#### Supplied data

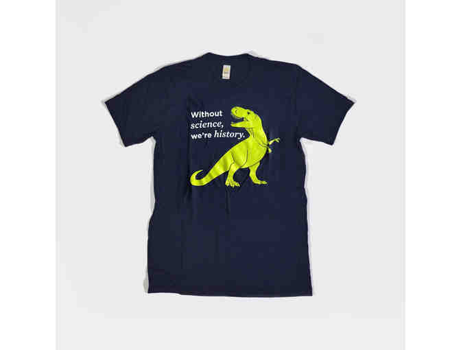 Union of Concerned Scientists "Without Science We Are History" navy blue, organic viscose and cotton dinosaur t-shirt! Size: adult unisex small.
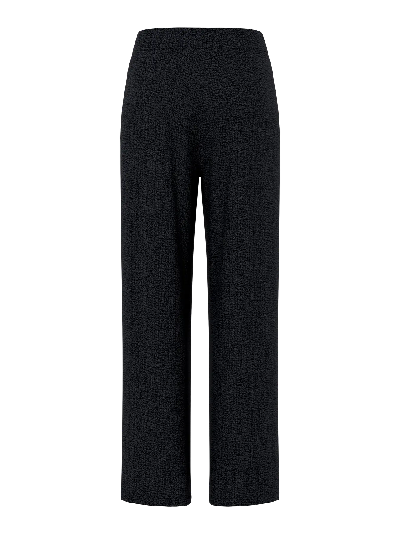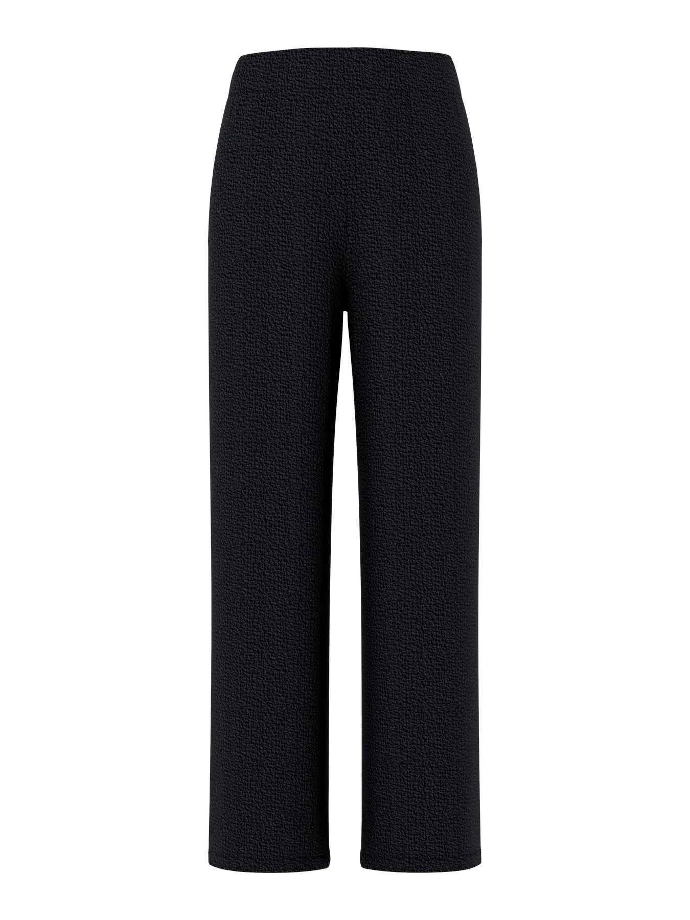 Deze broek, gemaakt van een lichte en comfortabele stof met een opvallend reliëf, is een ideale aanvulling op je garderobe. De broek heeft een elastische tailleband die voor extra comfort zorgt en perfect past. Combineer hem met de bijpassende top voor een complete look, of met een simpele basic voor een casual uitstraling.
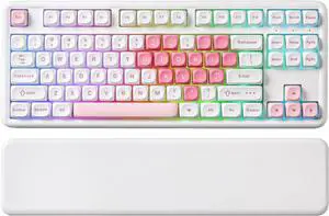 YUNZII B87 Wireless Mechanical Keyboard,QMK/VIA Programmable,TKL Layout 87 Keys,BT/2.4G/USB-C,Hot Swap Gasket Mount RGB Backlit Gaming with Wrist Rest for Win/Mac (White Heart, Cocoa Cream V2)

########

■ Exercise objective
In the answer, the data should reappear exactly, with no pictures.

■ Exercise output
 Union of Concerned Scientists "Without Science We Are History" navy blue, organic viscose and cotton dinosaur t-shirt! Size: adult unisex small.
 Deze broek, gemaakt van een lichte en comfortabele stof met een opvallend reliëf, is een ideale aanvulling op je garderobe. De broek heeft een elastische tailleband die voor extra comfort zorgt en perfect past. Combineer hem met de bijpassende top voor een complete look, of met een simpele basic voor een casual uitstraling.
 YUNZII B87 Wireless Mechanical Keyboard,QMK/VIA Programmable,TKL Layout 87 Keys,BT/2.4G/USB-C,Hot Swap Gasket Mount RGB Backlit Gaming with Wrist Rest for Win/Mac (White Heart, Cocoa Cream V2)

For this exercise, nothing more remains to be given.